- _Source information_

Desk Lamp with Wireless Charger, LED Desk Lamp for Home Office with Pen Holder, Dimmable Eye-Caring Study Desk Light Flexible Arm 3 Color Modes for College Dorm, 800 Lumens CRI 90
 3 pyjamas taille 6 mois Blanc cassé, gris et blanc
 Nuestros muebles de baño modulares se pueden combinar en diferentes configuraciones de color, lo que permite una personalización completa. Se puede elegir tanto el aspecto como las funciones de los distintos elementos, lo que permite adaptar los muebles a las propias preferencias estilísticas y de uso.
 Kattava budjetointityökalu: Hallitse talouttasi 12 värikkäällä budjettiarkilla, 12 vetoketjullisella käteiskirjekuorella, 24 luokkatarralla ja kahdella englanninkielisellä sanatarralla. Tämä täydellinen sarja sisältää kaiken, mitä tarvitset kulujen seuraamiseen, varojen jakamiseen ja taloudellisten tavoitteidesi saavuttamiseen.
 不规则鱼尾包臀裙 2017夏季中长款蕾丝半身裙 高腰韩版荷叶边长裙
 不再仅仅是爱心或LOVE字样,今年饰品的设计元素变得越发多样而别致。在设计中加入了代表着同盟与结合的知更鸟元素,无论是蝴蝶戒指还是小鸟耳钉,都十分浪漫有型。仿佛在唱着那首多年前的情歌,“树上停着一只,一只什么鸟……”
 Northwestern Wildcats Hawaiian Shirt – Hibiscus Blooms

* * *

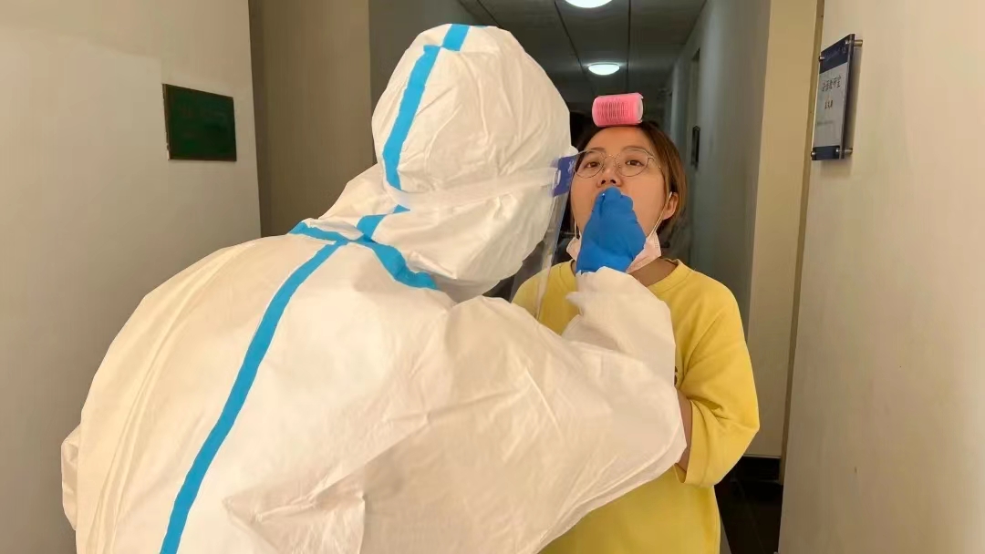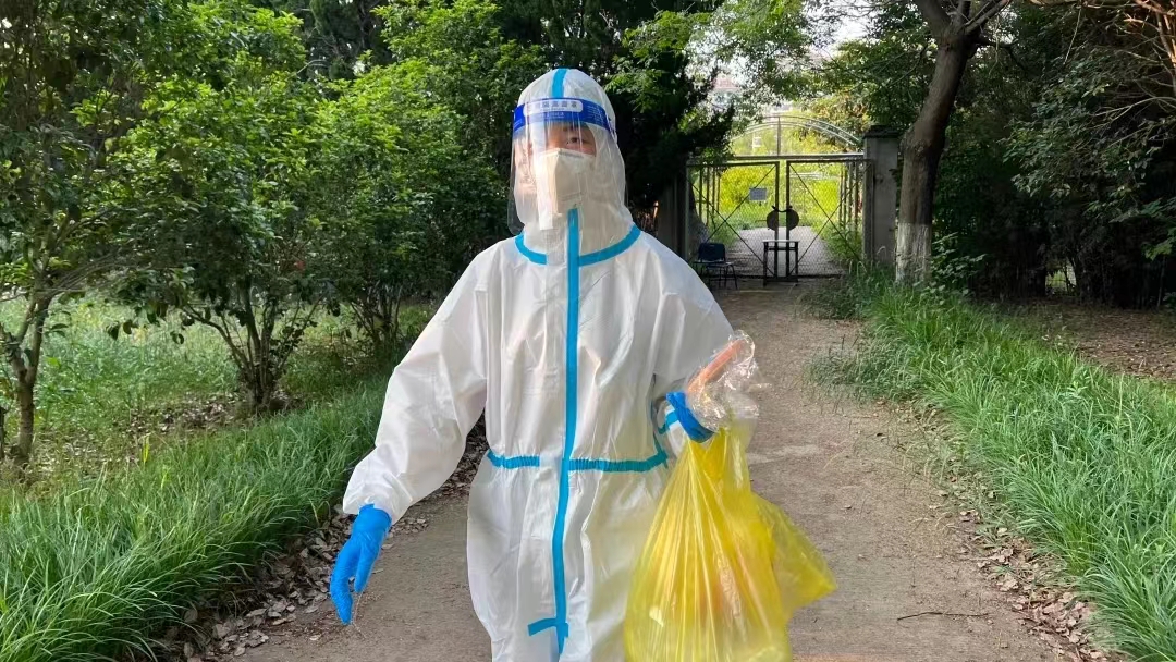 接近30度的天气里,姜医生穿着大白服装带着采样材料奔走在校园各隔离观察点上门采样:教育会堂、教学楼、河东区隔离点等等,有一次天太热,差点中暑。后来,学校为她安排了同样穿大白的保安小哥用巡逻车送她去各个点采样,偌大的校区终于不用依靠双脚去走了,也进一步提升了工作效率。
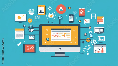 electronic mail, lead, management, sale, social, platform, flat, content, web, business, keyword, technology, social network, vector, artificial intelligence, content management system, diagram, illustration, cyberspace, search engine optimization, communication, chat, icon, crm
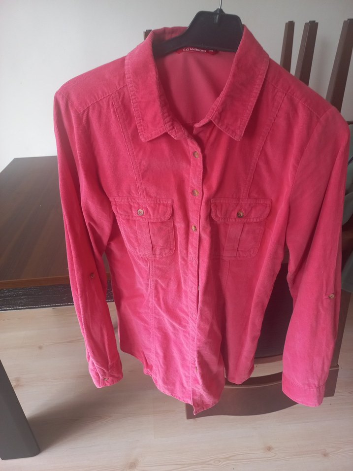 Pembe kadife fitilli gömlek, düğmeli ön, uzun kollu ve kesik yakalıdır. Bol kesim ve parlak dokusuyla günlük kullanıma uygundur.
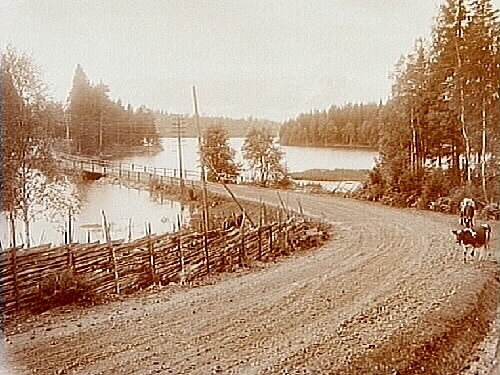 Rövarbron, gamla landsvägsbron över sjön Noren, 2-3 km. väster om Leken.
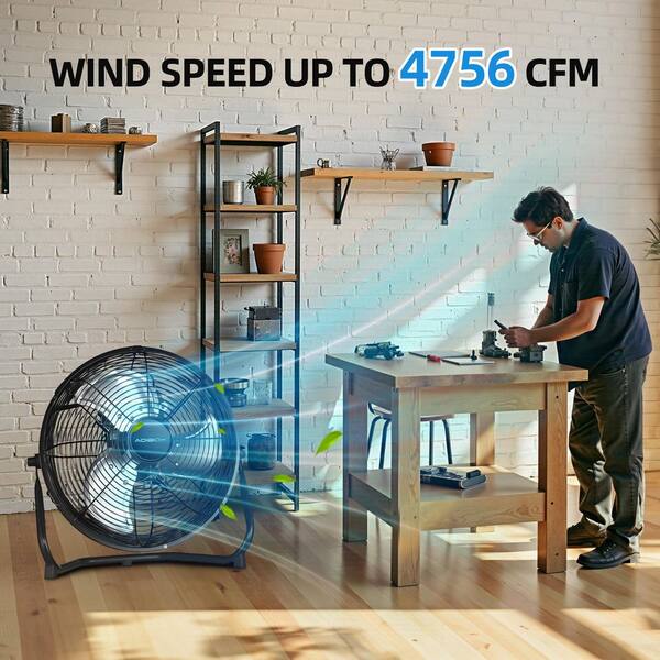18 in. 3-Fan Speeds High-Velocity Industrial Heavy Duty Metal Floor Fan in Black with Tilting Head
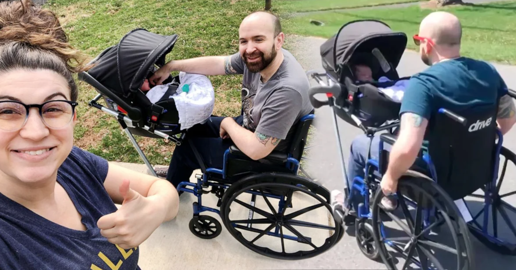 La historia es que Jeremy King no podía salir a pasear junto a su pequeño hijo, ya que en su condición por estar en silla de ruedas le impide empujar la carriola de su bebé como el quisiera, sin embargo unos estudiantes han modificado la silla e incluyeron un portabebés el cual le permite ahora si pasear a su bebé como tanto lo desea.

...

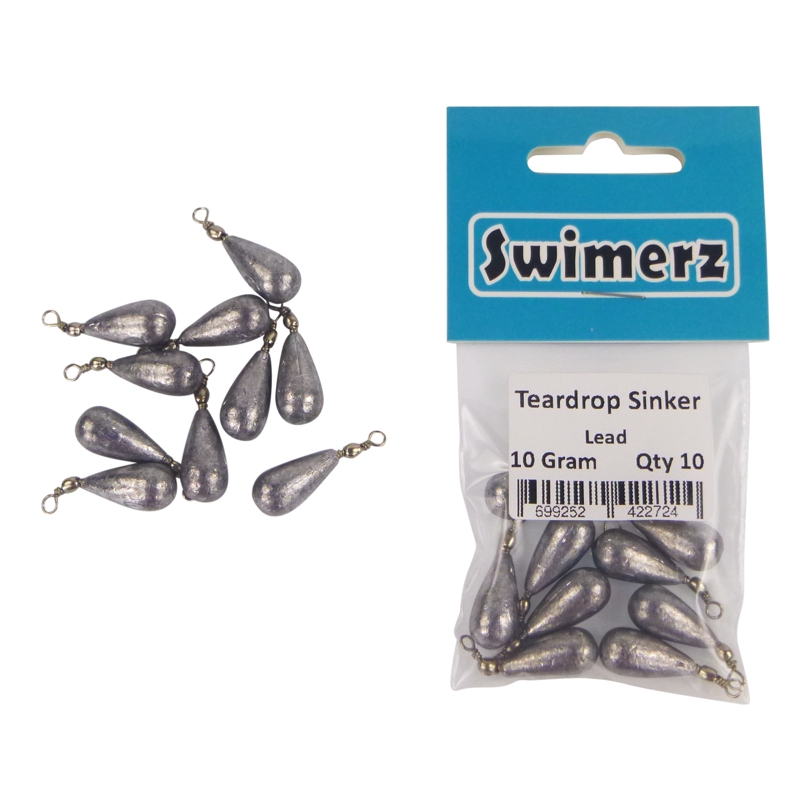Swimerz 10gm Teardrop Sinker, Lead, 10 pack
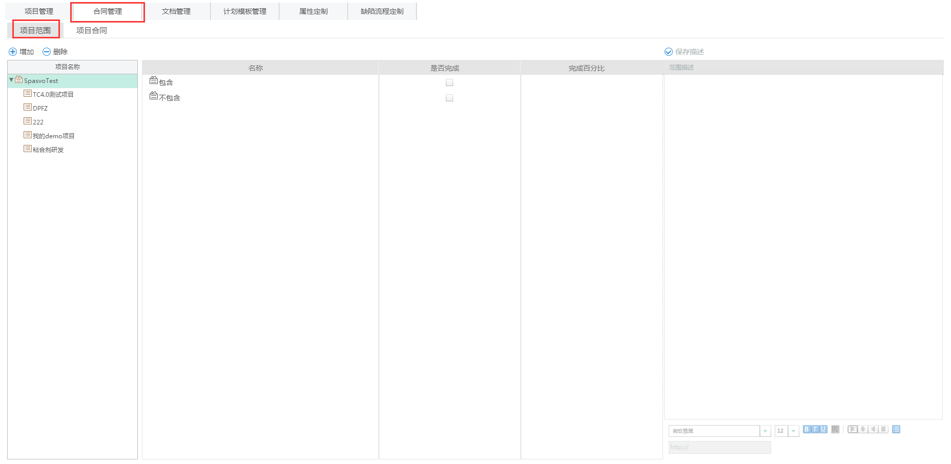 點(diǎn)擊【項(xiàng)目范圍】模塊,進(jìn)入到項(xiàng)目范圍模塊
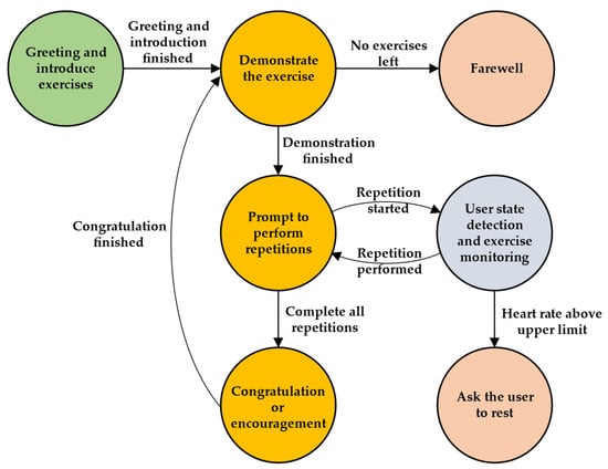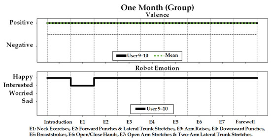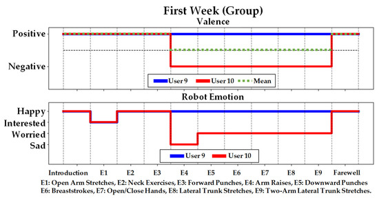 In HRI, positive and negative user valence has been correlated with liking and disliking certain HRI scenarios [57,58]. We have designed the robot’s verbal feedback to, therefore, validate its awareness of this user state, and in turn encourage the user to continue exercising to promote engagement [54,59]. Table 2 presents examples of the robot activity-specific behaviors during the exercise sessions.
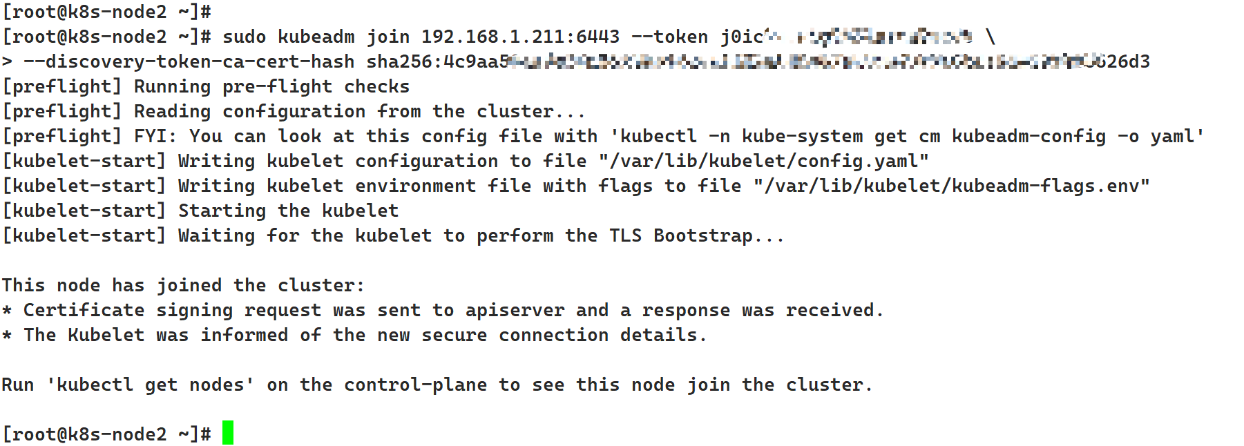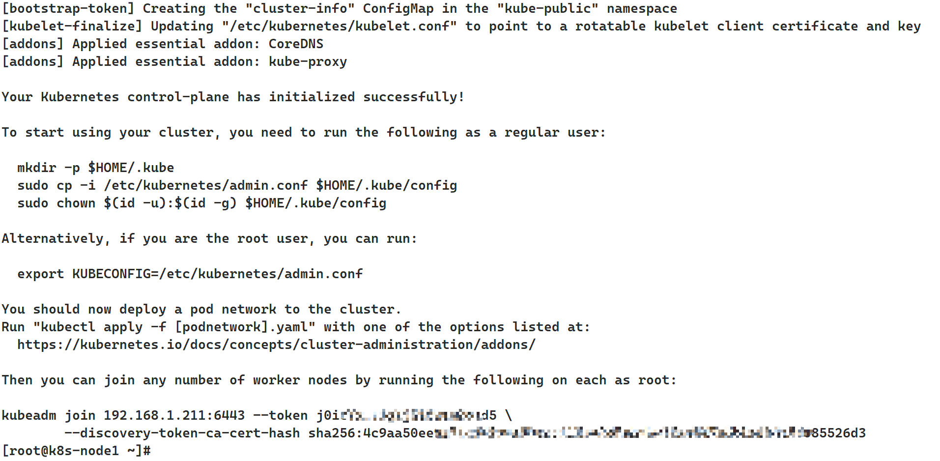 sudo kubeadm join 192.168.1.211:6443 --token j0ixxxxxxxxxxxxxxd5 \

- _Work to complete_
Please give back exactly the lines of this listing beginning at the line with "不规则鱼尾包臀裙 2017夏季中长款蕾丝半身裙 高腰韩版荷叶边长裙" and ending with the line with "Northwestern Wildcats Hawaiian", both included, and nothing else.

- _Written solution_
 不规则鱼尾包臀裙 2017夏季中长款蕾丝半身裙 高腰韩版荷叶边长裙
 不再仅仅是爱心或LOVE字样,今年饰品的设计元素变得越发多样而别致。在设计中加入了代表着同盟与结合的知更鸟元素,无论是蝴蝶戒指还是小鸟耳钉,都十分浪漫有型。仿佛在唱着那首多年前的情歌,“树上停着一只,一只什么鸟……”
 Northwestern Wildcats Hawaiian Shirt – Hibiscus Blooms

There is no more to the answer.